The Law of Detachment says that in order to acquire anything in the physical universe, you have to relinquish your attachment to it. This doesn’t mean you give up the intention to create your desire. You don’t give up the intention, and you don’t give up the desire. You give up your attachment to the results.
I am sharing this with you to explain an epiphany I had last week while attending an introduction to meditation class at The Chopra Center. I scheduled the event as a support group function and was hopeful that many members would take advantage of the free class. The RSVPs for the event were low – 5 yes, and 3 maybe. It is understandable and common to have people unwell enough to attend or to change their RSVP at the last minute from yes/maybe to no. In the end only three of us made it to meditation, and one member who showed had to leave because she was having a reaction to the incense burning throughout the center.
As I sat there trying to relax and prepare for the meditation I was unfocused and thinking about what more I could have done to encourage participation. I believe strongly that meditation is a great tool to aid us in our never-ending quest for wellness. How could I share my beliefs with the members and make them believers too? These thoughts distracted me, but soon the instructor was able to gain my full attention. At the end of the class she shared with us the intention of Chopra’s Law of Detachment and read to us the following step explaining how to apply the law:
Today I will commit myself to detachment. I will allow myself and those around me the freedom to be as they are. I will not ridgidly impose my idea of how things should be. I will not force solutions on problems, thereby creating new problems. I will participate in everything with detached involvement.
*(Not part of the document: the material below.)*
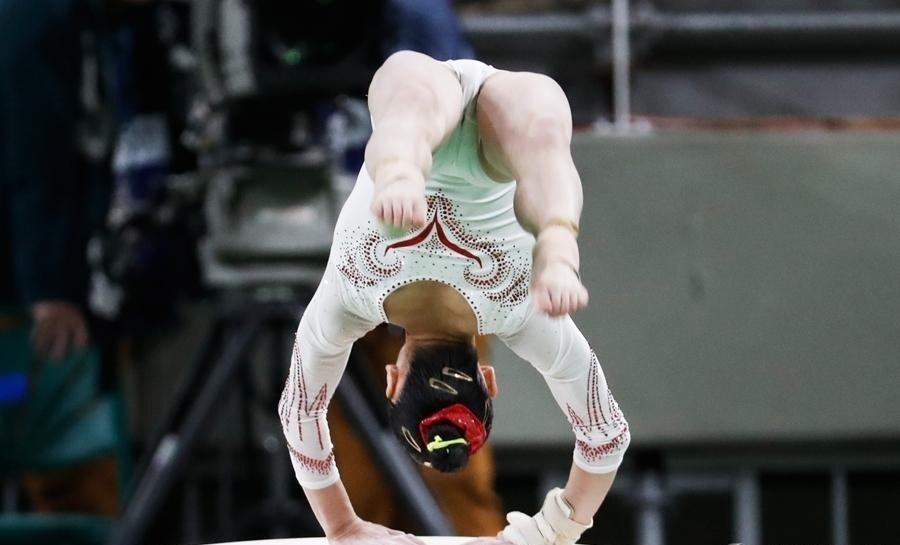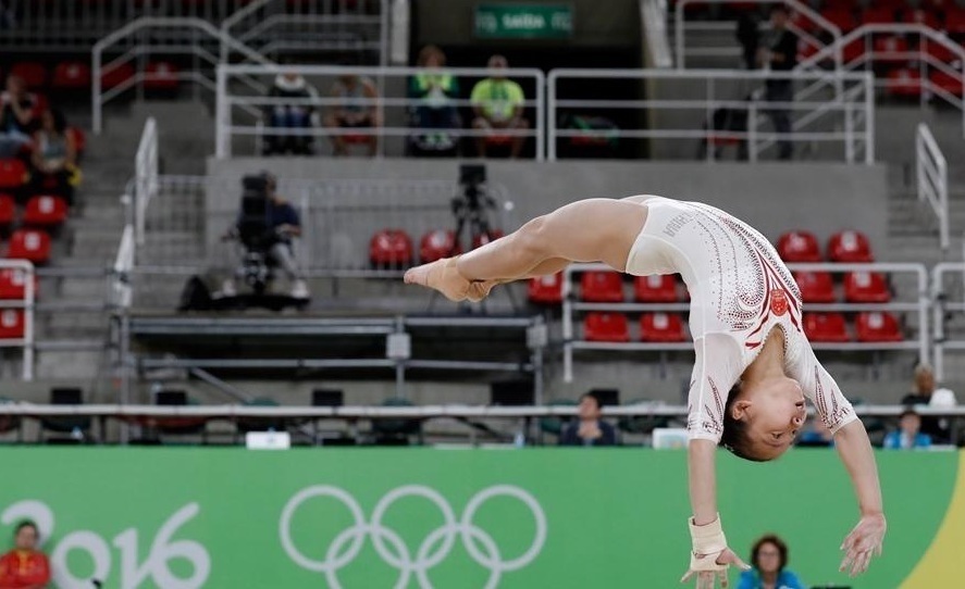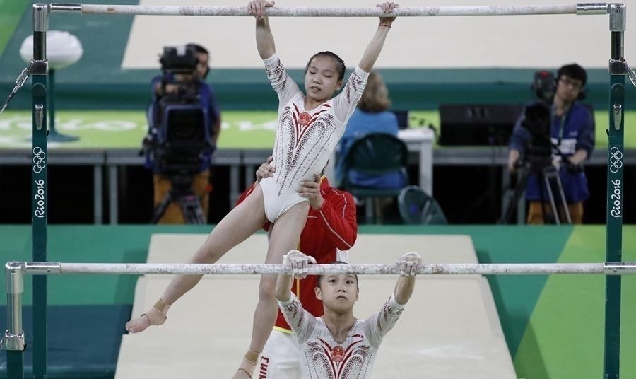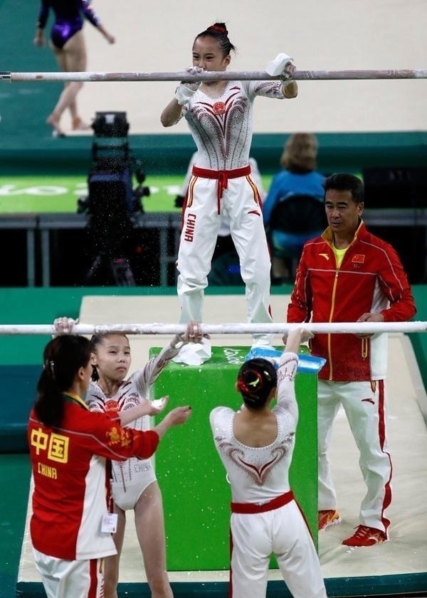 北京时间2016年8月5日,里约,中国女子体操队在比赛场地实地积极训练备战,她们期待能在里约获得好成绩。
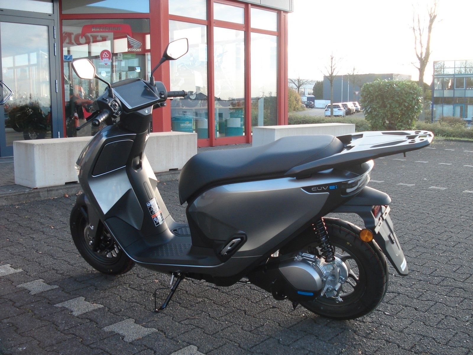 Bring dein smartes Mobilitätsleben auf die nächste Stufe mit dem CUV e:. Mit seinem schnittigen, futuristischen Design, genug Reichweite für den Alltagseinsatz, dem flachen Durchstieg und dem einfachen Batterietausch zu Hause oder unterwegs ist dieser Roller perfekt für das geschäftige Stadtleben. Anspruchsvolles futuristisches Design fügt sich in jeden Aspekt des täglichen Lebens ein.?Das stilvolle und benutzerfreundliche Design des CUV e: verbindet Funktionalität und Schönheit und macht die tägliche Mobilität intelligenter.Hondas einzigartiger Elektromotor mit einer maximalen Leistung von 6 kW (8,2 PS) ist kraftvoll genug für stark befahrene Autobahnen. Seine Geräuscharmut und seine dynamische Leistung sorgen für ein noch nie dagewesenes Fahrerlebnis. Die leicht herausnehmbare und hochzuverlässige austauschbare Batterie verfügt über ein fortschrittliches Batteriemanagement für eine breite Palette von Anwendungen. Konnektivität Jederzeit und überall. Immer verbunden. Funktionen wie Navigationskarten, EV-optimierte Routenplanung, batterieschonende Routenvorschläge und der Zugriff auf Musik und Telefon machen jede Fahrt angenehmer. Die neue Honda RoadSync Duo App bietet intelligente Wettervorhersagen, Nachbarschaftsinformationen, Sicherheitswarnungen, Diebstahlschutz und viele weitere Funktionen, die die Fahrt einfacher machen. Finanzierung auch ohne Anzahlung möglich.

There it was. The universe was speaking to me on that day and telling me to let go and detach from the expectations I have placed on the meetings and events I schedule for the group. It was like a weight being lifted. There were about 15 people in the room but I felt like she was speaking directly to me.
There is no reason for me to get frustrated or discouraged when my members do not attend. I cannot set their goals and intentions for them. I cannot tell them what will work and what will be good for them. I can only continue to schedule meetings and events, enjoy the members who do attend, and give the members who do not attend opportunities to do so in the future. My intention when I started the support group was to create a place for people with Fibromyalgia and chronic pain to come together to learn, laugh, share, and encourage. My intentions have not changed, but I had become too conscious and attached to the results. I am determined now to let go of my expectations and just continue with my intentions. Good things will happen and members will show when they are ready.
The Law of Detachment was read to me on a day when I needed the lesson the most. I am so grateful that I was present and open to the message. Isn’t it amazing how serendipitous our universe can be at times?